Ideally, the way I would love to see this on a website is that you could click on the topic and just read that and so if you are concerned about de-identification. It has three or four pages about de-identification. It has a number of references. And then there is right now as this is formatted, there are a series of checklists that if your advising a community, you could make sure you have dotted the I’s and crossed the T’s that you need to do. But if it were a live document with hot links, you would bring up the section on de-identification and you would also get the checklist regarding de-identification with that and any references. You would even be able to extend your search by clicking on those references and get right to those. Right now, it is just a Word document. My view is it could be so much more useful if it were a live document.
And then even better yet, if we could solicit some ways in which this was used, how it was helpful, what is missing, what additional questions are coming up that we have not addressed. It really could be a live resource, which the discussions that we have now in population and in data use about communities of practice fits right in with that if there is a discussion group around de-identification and questions that are coming up there. That is all grand and probably beyond our current capability.

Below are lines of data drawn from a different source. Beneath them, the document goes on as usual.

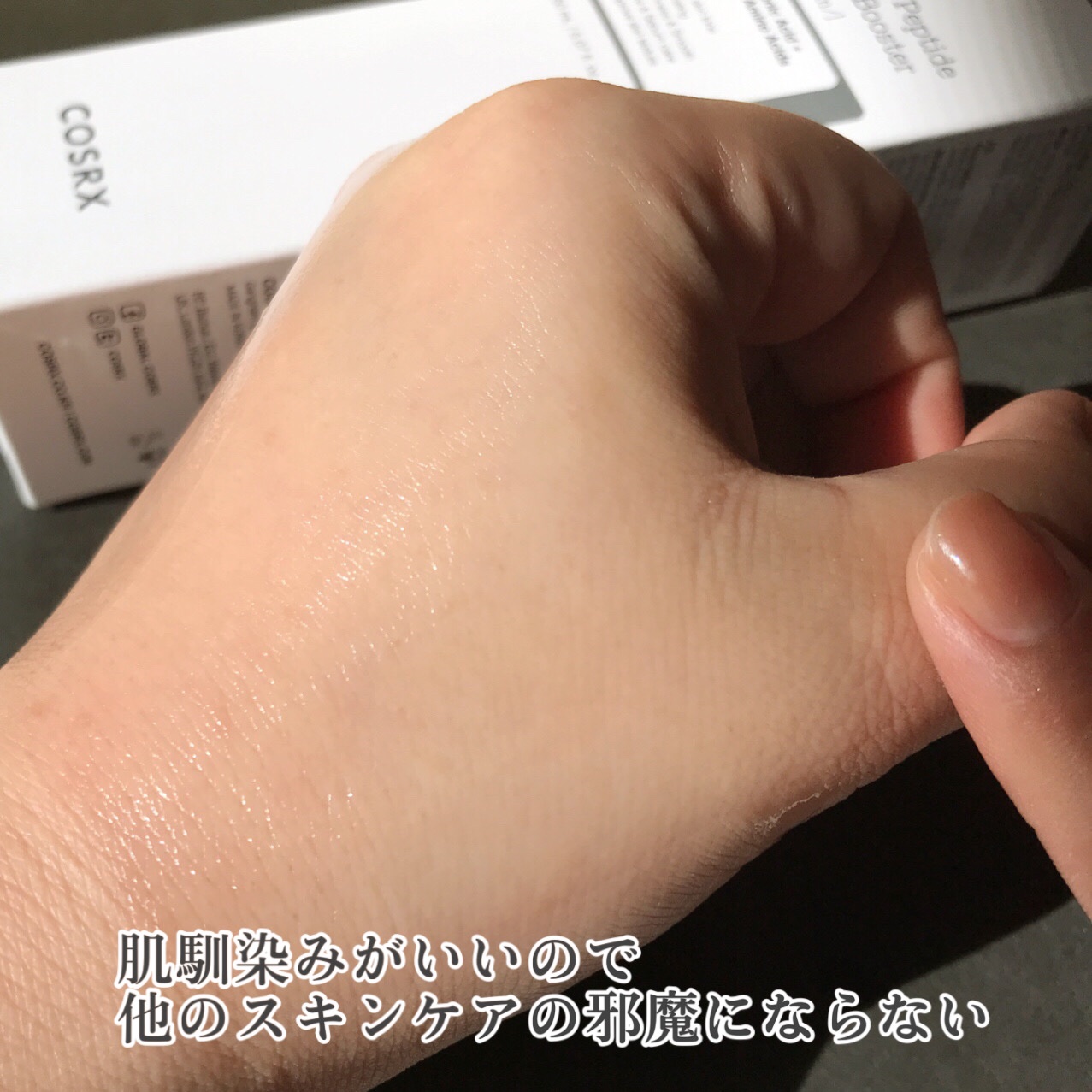 - 普段のスキンケアに1滴だけ! 肌荒れ予防からあらゆるエイジングケア*1を叶うスキンブースター。 ・COSRXが厳選した、それぞれ異なる効果の6種類のペプチド成分*2! それぞれ異なる効果の6種類のペプチド*2を1本に入れて毛穴ケア(乾燥による毛穴の開き、皮脂バランス)、肌のキメ、弾力、透明感、整肌、ハリなど肌のコンディションを整え、健やかに保ちます。 ・普段使っているトナーの後に! 普段使いのスキンケアにペアリングしやすいスキンブースターでトナーを塗った後、「一滴」を追加することで、次のステップ(セラム、アンプル、クリーム)のスペシャルスキンケア効果をしっかりサポートします。 ・素早く肌になじむ低刺激ウォータリーテクスチャー! お肌にやさしく低刺激な使い心地のスキンブースターでベタつきにくく、肌の角質層隅々まで素早くなじみます。 *1年齢に応じたお手入れ *2保湿成分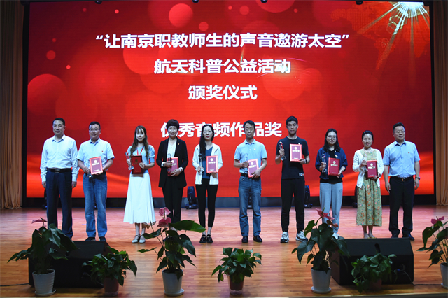 活动现场全场嘉宾观看了中国航天大会宣传视频。视频回顾了中国航天事业的发展历程,追忆了中国历代航天人为中国航天事业起步、发展、腾飞而做出的不懈努力。南京市职业技术教育学会领导宣读了“让南京职教师生的声音遨游太空”系列科普公益活动的获奖名单。南京市莫愁中等专业学校等3所学校的师生获最具内涵奖,南京财经高等职业技术学校等3所学校的师生获最具创意奖,南京高等职业技术学校等3所学校的师生获最具文采奖。中欧集团官网(中国)官方网站、南京高等职业技术学校、南京新港中等专业学校、南京六合中等专业学校等4所学校获最佳组织奖,南京玄武中等专业学校获最佳支持奖。南京市职业技术教育学会在本次活动中获“合作贡献奖”。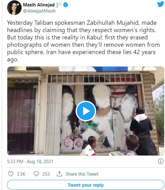 ان ٹوئٹس میں ایک ٹوئٹ کابل شہر کی شاہراہِ نو سے لی گئی ہے جس میں طالبان کو ماڈلز کے پوسٹر کو سفید رنگ سے رنگتے ہوئے دیکھا جا سکتا ہے۔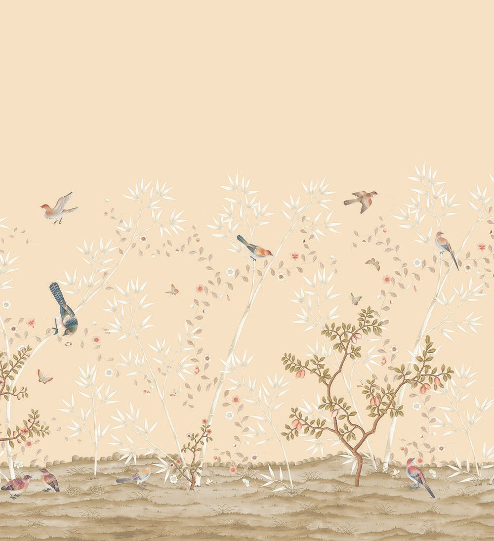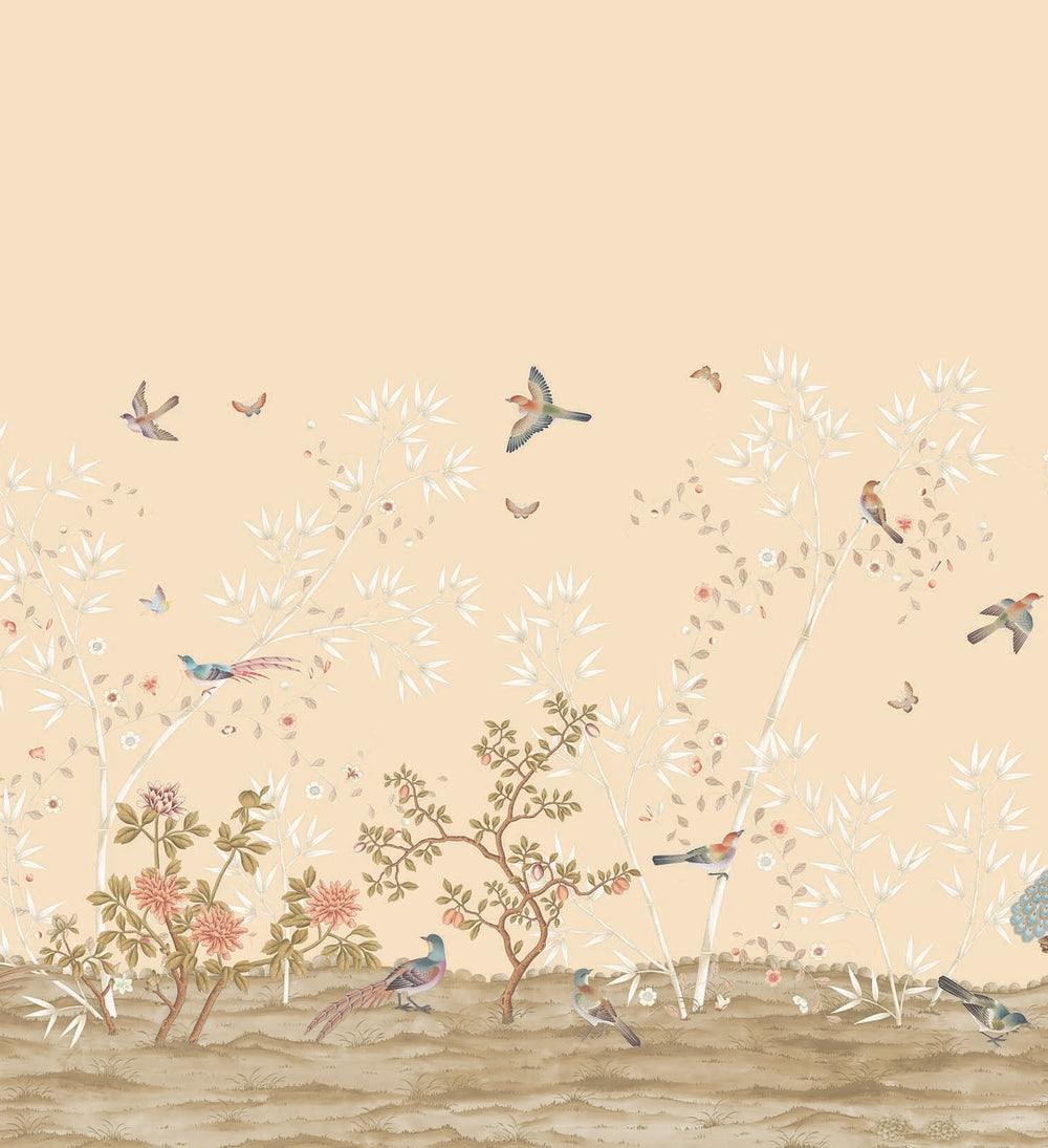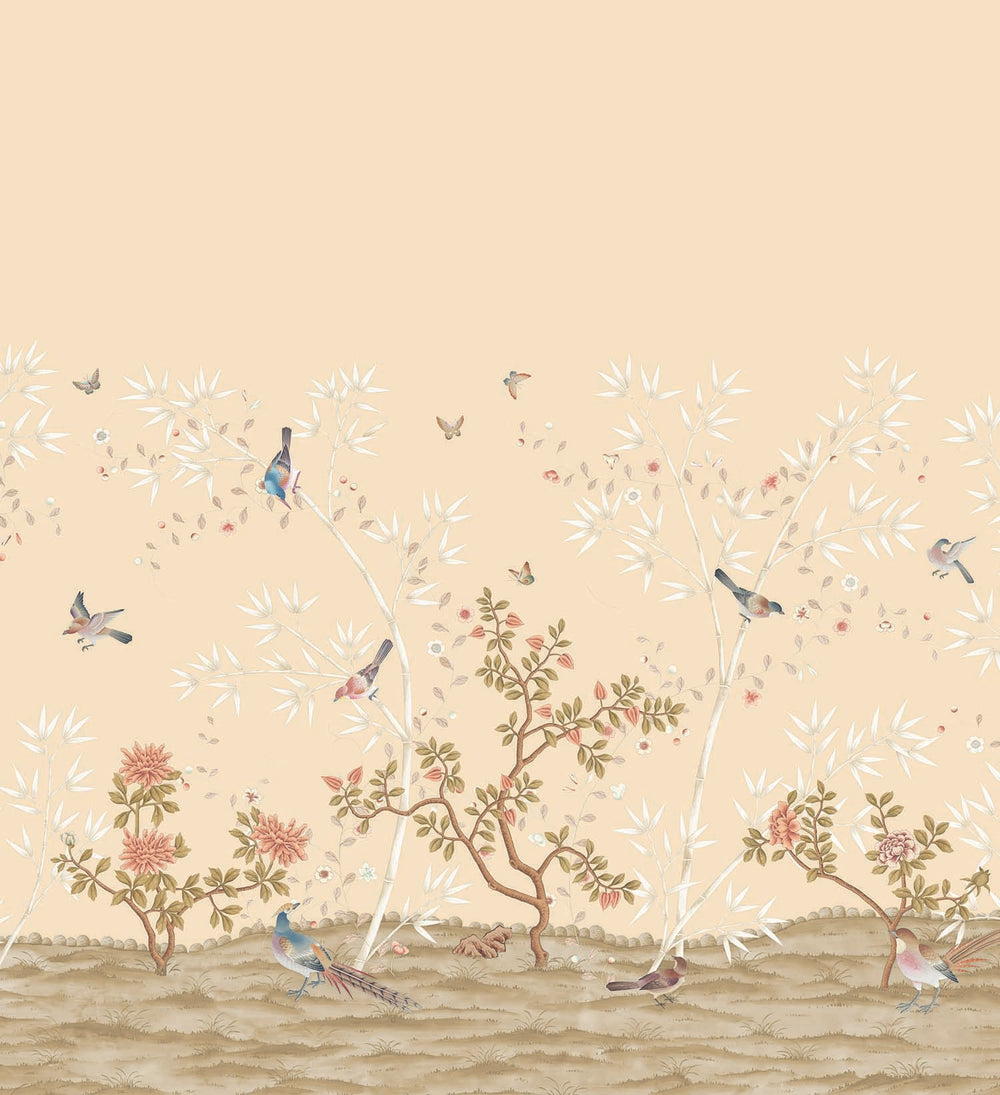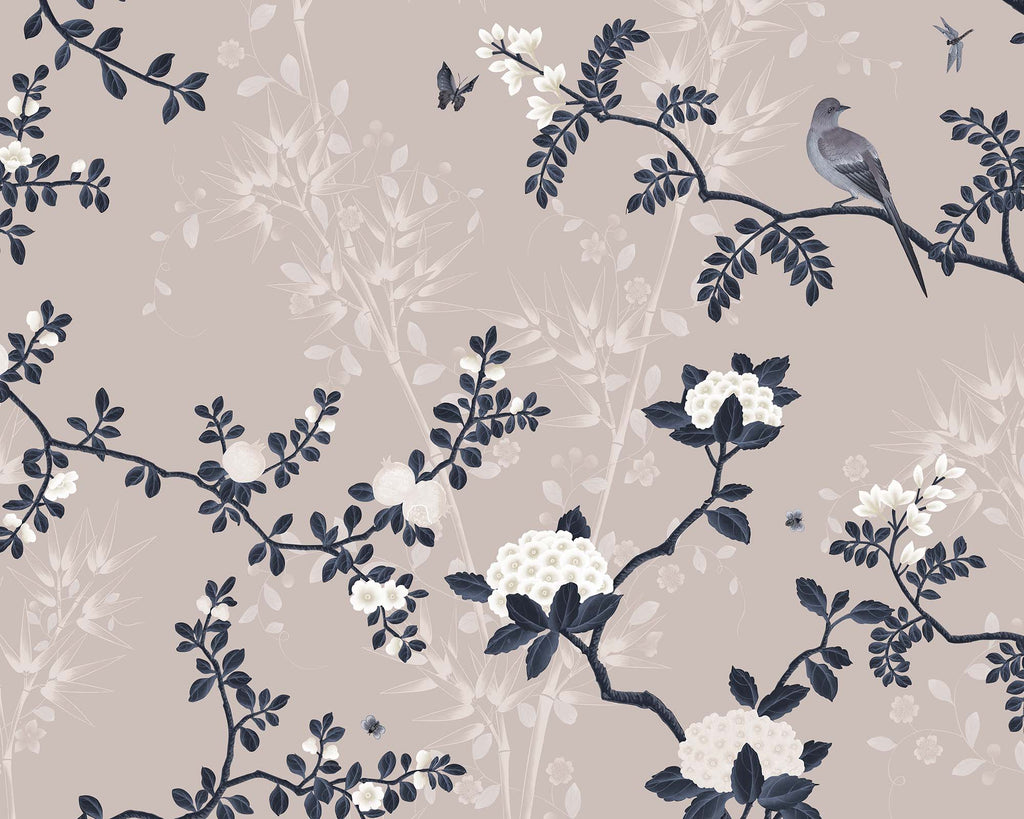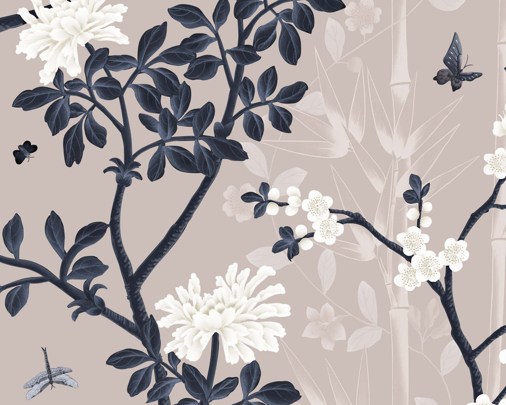 Bambois is a contemporary take on Chinoiserie, where dynamic bamboo stems form a natural framework for climbing vines, unfurling peonies, birds and butterflies. This versatile design lends itself beautifully to both bright palettes and muted monochromes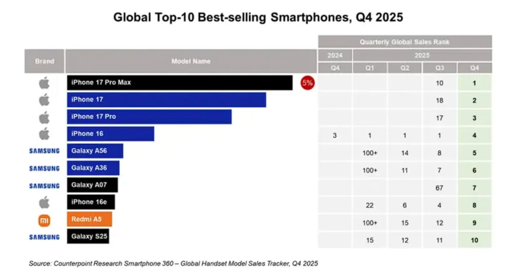 Лидером продаж стал iPhone 17 Pro Max, который занял первое место и обеспечил около 5% всех мировых продаж смартфонов. Вторую позицию занял базовый iPhone 17, а третье место досталось более продвинутой версии iPhone 17 Pro.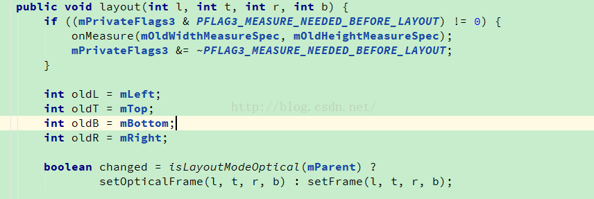 1)layout方法直接把四个参数赋值给对应的控件坐标变量(mLeft,mTop,mRight,mBottom),也就是确定了控件的区域;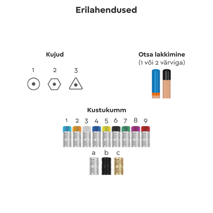 Selle hariliku pliiatsi teeb eriliseks võimalus valida erinevate pliiatsi kujude vahel. Kuna hind ei muutu erinevate kujude puhul, siis palun märkige oma eelistatud kuju kommentaarides. Lisaks on sellel harilikul pliiatsil mitmeid väga suure trükialaga personaliseerimise võimalusi. Pliiatsi tina on HB ning toode on kliimaneutraalne.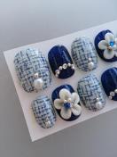 ベース★ツイード風の柄+ネイビーに細かいシルバーラメ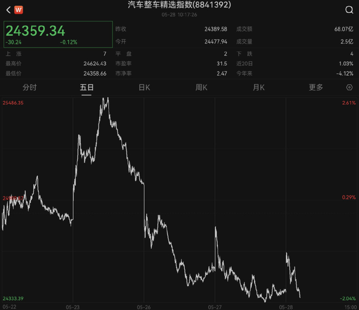 A股方面,比亚迪(002594.SZ、1211.HK)盘中一度跌超6%,截至5月26日收盘下跌5.93%,报381元/股。而在前一交易日涨停的赛力斯(601127.SH)也出现大跌,午后一度跌超5%,截至收盘下跌4.23%,报139.7元/股。此外,众泰汽车(000980.SZ)跌超3%、海马汽车(000572.SZ)、长城汽车(601633.SH、2333.HK)、长安汽车(000625.SZ)、北汽蓝谷(600733.SH)、上汽集团(600104.SH)等均跌超2%。据同花顺数据显示,当日A股汽车板块收跌1.78%,单日市值蒸发约1000亿元。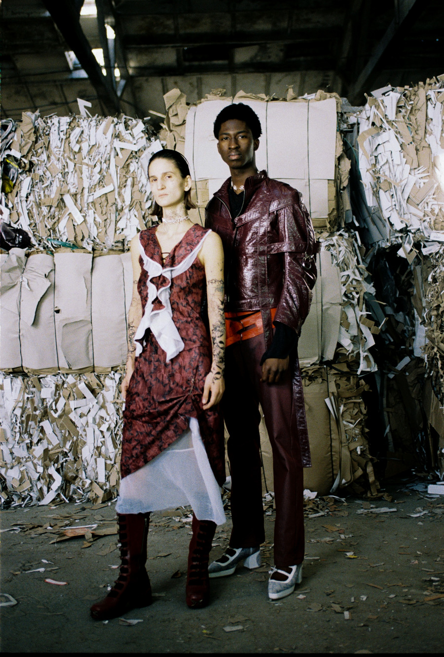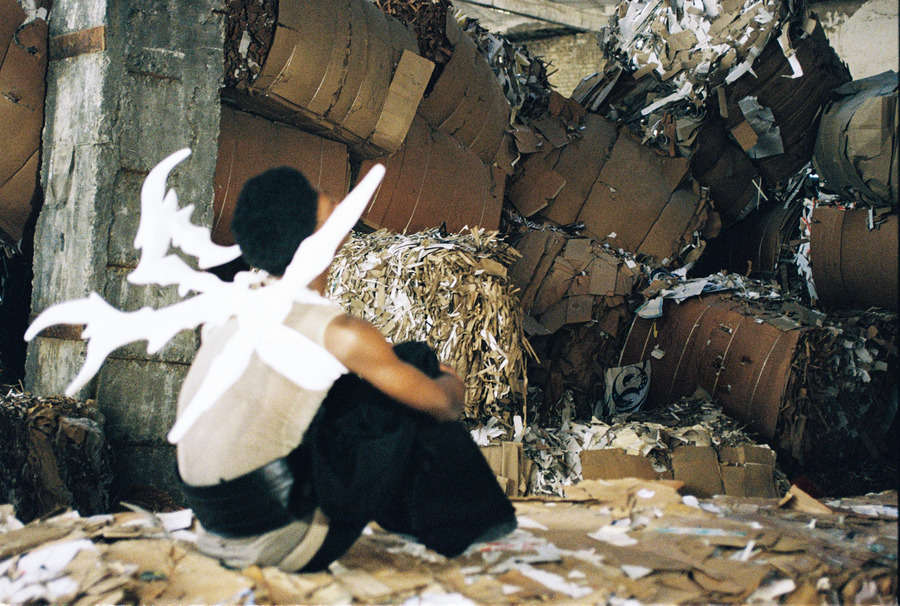 Editorial imagines characters as ethereal beings wandering around in a paper recycling factory on the outskirts of Tbilisi, it symbolizes the yearning for rejuvenation and the profound beauty inherent in the cyclical nature of existence, represented in the space full of contradictions.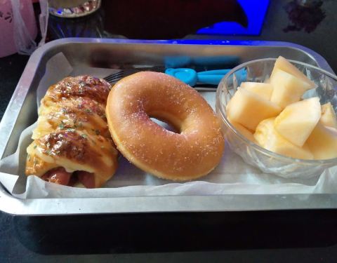 - 还不错哦。一个下午吃这么多。抵扣了10元实际用了14.5元。一个甜甜圈,一个火腿面包两盒饼干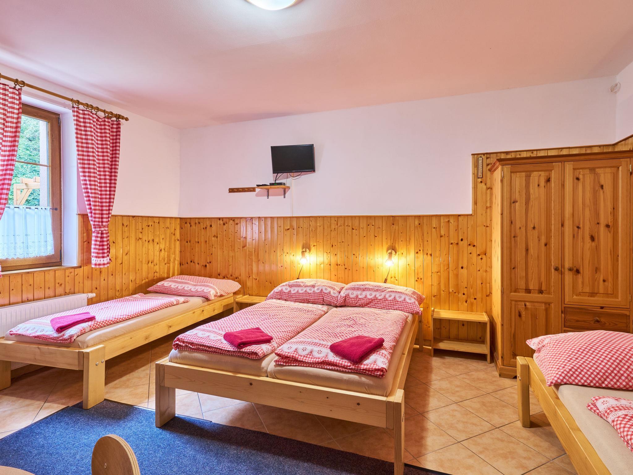 "U Švýcarského dvora III", 1-Zimmer-Wohnung 27 m2, im Erdgeschoss. Zweckmässig und gemütlich eingerichtet: 1 Zimmer mit 2 Betten, 1 Doppelbett, Esstisch und Sat-TV. Kochnische (2 Kochplatten, Wasserkocher, Mikrowelle). Dusche/WC. Heizung. Sicht auf den Garten. Zur Verfügung: Internet (WLAN, gratis). Bitte beachten: Nichtraucher-Unterkunft. Rauchmelder, Feuerlöscher.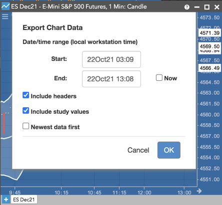 - Include study values: チャートに追加されたテクニカル指標のデータをエクスポートします。
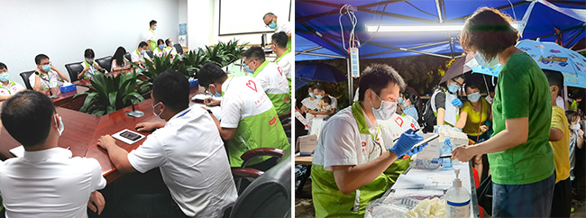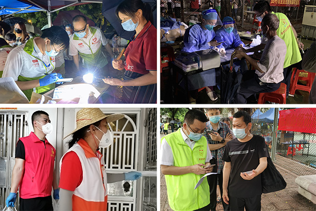 時而烈日當空,時而大雨傾盆,惡劣的天氣無疑大大增加了防疫工作的難度。廣電計量黨員和團員志愿者無懼烈日風雨,奔赴荔灣區、天河區的各個社區參與抗疫支援服務。他們有的負責維護現場秩序、有的負責引導檢測登記、有的負責為隔離居民送物資。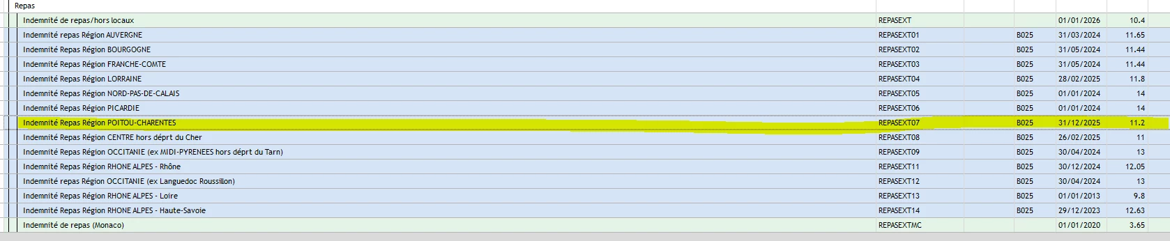 Le repas ext de mon dossier est au taux de 11.20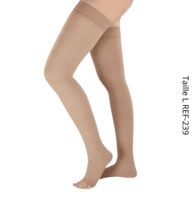 Bas de cuisse ANNAFIX Classe 2, taille L, à bout ouvert, favorisant la circulation sanguine et soulageant les jambes lourdes.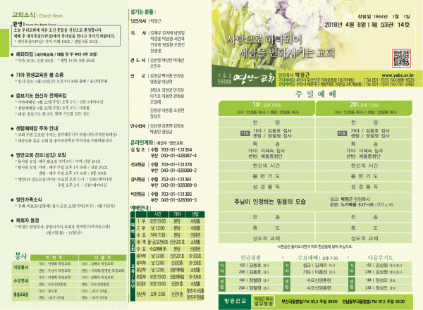 2018년 4월 8일 주보 페이지 정보 작성자 관리지기 작성일18-04-07 12:32 조회10,450회 댓글0건 관련링크 목록 본문 [2018년 4월 8일 주보] 댓글목록 등록된 댓글이 없습니다. 목록

But in the short run, it is once it launched a public document and anybody could take this document and do what we envision. That would be fine. I think our interest is in getting broad dissemination and raising all boats for those that are not really skilled at data use and at least asking the questions about whether they are being effective stewards.
DR. MAYS: Let’s see what suggestions that we can get. Not even assume yet — again, we are going to stay in brainstorming level. Not even assuming yet that they cannot be done, but instead let’s take and get you ideas and then see the extent to which the department can do some of them. Or we just talk to HDC and others. They might be able to do something different.
MS. KLOSS: We can do a lot of links.
DR. MAYS: Let’s get the ideas out. Josh.
DR. ROSENTHAL: A couple of different things depending upon what you do. One, you can literally take any public document — I do not know how this applies to public document. Usually you can take and like as a private individual there are all sorts of people that take stuff and turn it into Kindle books, which are linked. It is usually about $200 or $300 to do that. You hit one of the people. I have five people that do it. I have done it myself. You say here is a 60-page book. Turn it into a Kindle doc. You put the thing up there. Usually, they want to make sure you have rights of authorship or something like that. Once you have that and then you put the thing on Kindle as an Amazon shop, you can put that on there as open source versions, which are not Amazon specific. They are called Moby docs or Moby books. Once you turn it into an e-book, which cost like literally $200 or $300 to have a shop do it for you, you can put it in all these distribution networks. That is number one.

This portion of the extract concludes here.